- _Task to complete_:
Using the data below, restate exactly every line from the one with "Gib die fertige" up to and including the one with "This is a stunning,well". No picture belongs in it.

+++ Input records

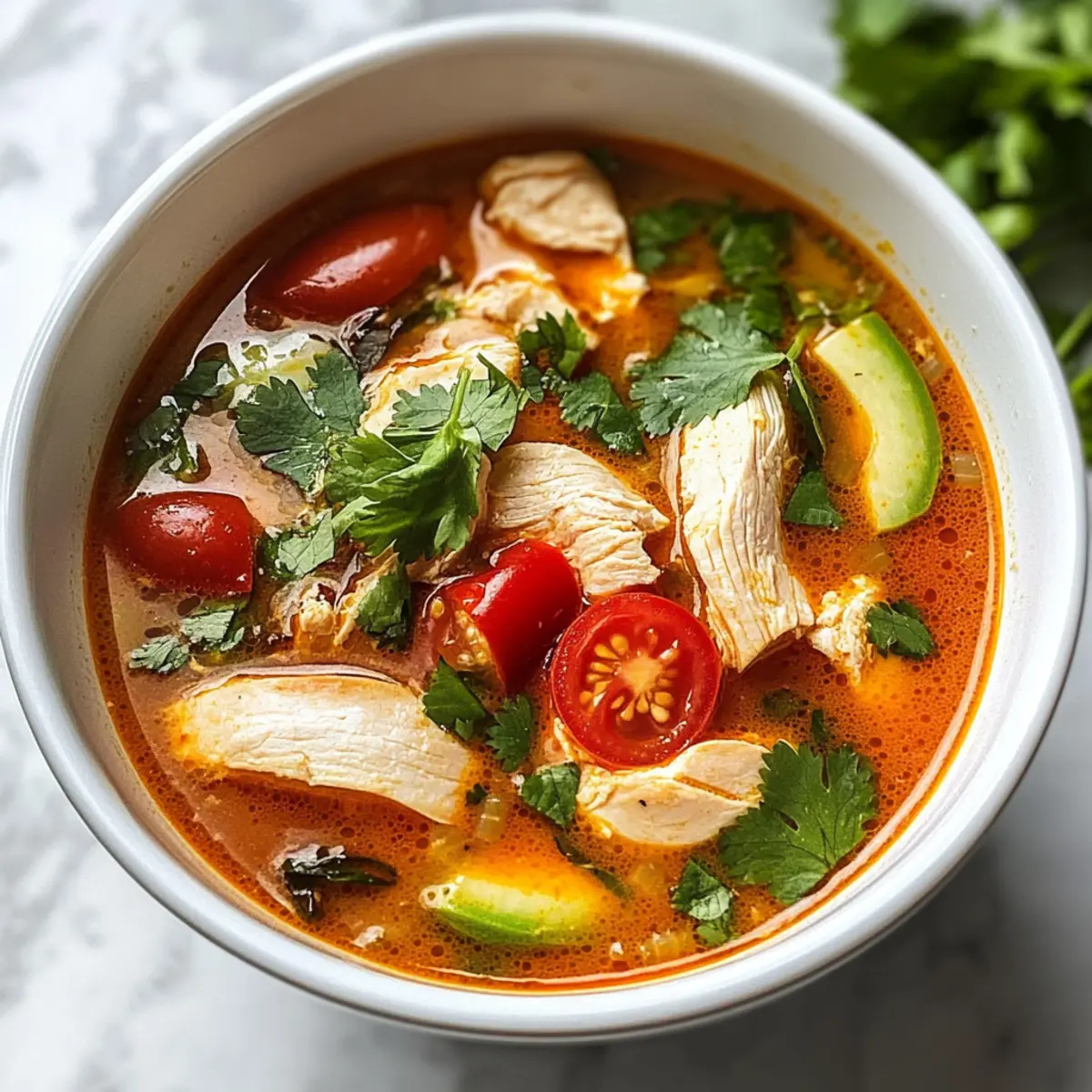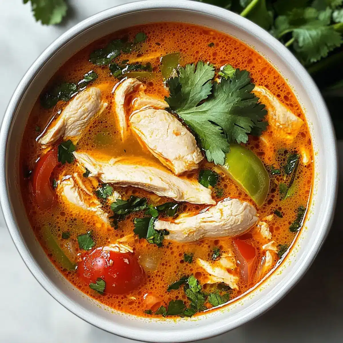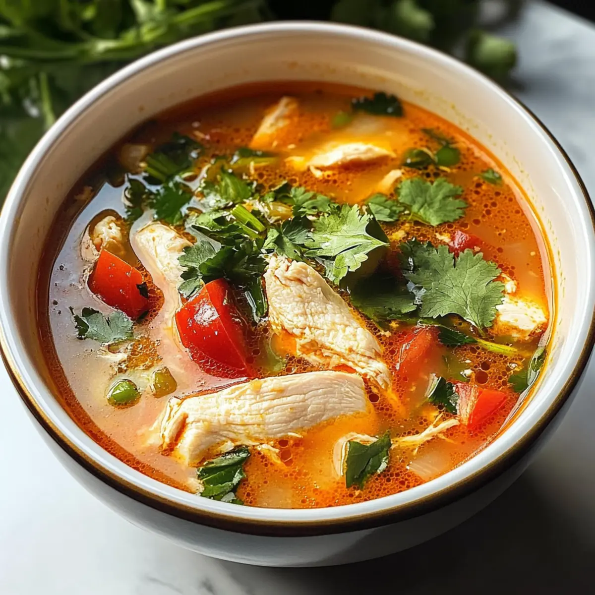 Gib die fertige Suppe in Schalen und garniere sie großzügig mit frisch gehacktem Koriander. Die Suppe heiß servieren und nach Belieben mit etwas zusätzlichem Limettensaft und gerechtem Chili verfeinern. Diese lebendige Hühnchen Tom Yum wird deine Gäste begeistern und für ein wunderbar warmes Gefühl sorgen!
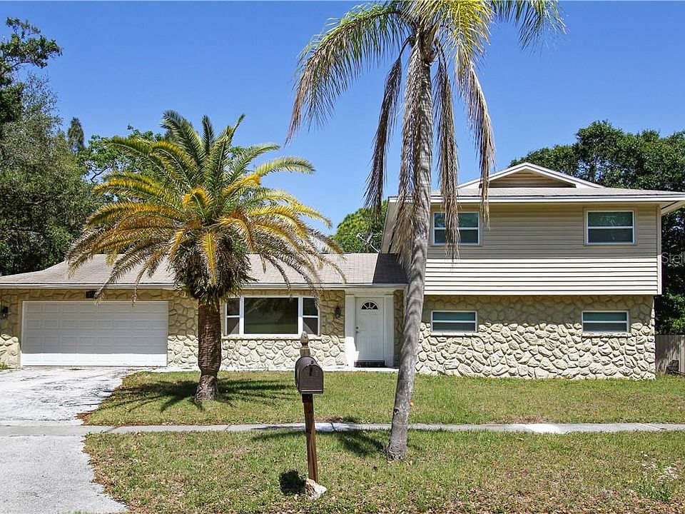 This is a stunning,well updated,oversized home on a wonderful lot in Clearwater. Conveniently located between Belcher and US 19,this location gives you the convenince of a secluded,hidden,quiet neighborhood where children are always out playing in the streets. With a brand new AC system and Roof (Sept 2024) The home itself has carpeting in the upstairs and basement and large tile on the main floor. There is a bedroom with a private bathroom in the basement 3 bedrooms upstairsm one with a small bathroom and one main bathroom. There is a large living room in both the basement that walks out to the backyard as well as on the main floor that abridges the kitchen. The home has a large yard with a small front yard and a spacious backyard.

++++++
+++ Input records

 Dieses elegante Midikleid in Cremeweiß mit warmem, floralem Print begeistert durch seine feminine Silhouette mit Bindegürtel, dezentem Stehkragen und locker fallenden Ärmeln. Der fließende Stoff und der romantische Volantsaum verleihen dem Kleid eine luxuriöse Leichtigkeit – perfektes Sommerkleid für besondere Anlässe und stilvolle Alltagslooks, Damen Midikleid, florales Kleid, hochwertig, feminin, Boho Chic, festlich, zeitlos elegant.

++++++

- _Answer section_:
 Gib die fertige Suppe in Schalen und garniere sie großzügig mit frisch gehacktem Koriander. Die Suppe heiß servieren und nach Belieben mit etwas zusätzlichem Limettensaft und gerechtem Chili verfeinern. Diese lebendige Hühnchen Tom Yum wird deine Gäste begeistern und für ein wunderbar warmes Gefühl sorgen!
 This is a stunning,well updated,oversized home on a wonderful lot in Clearwater. Conveniently located between Belcher and US 19,this location gives you the convenince of a secluded,hidden,quiet neighborhood where children are always out playing in the streets. With a brand new AC system and Roof (Sept 2024) The home itself has carpeting in the upstairs and basement and large tile on the main floor. There is a bedroom with a private bathroom in the basement 3 bedrooms upstairsm one with a small bathroom and one main bathroom. There is a large living room in both the basement that walks out to the backyard as well as on the main floor that abridges the kitchen. The home has a large yard with a small front yard and a spacious backyard.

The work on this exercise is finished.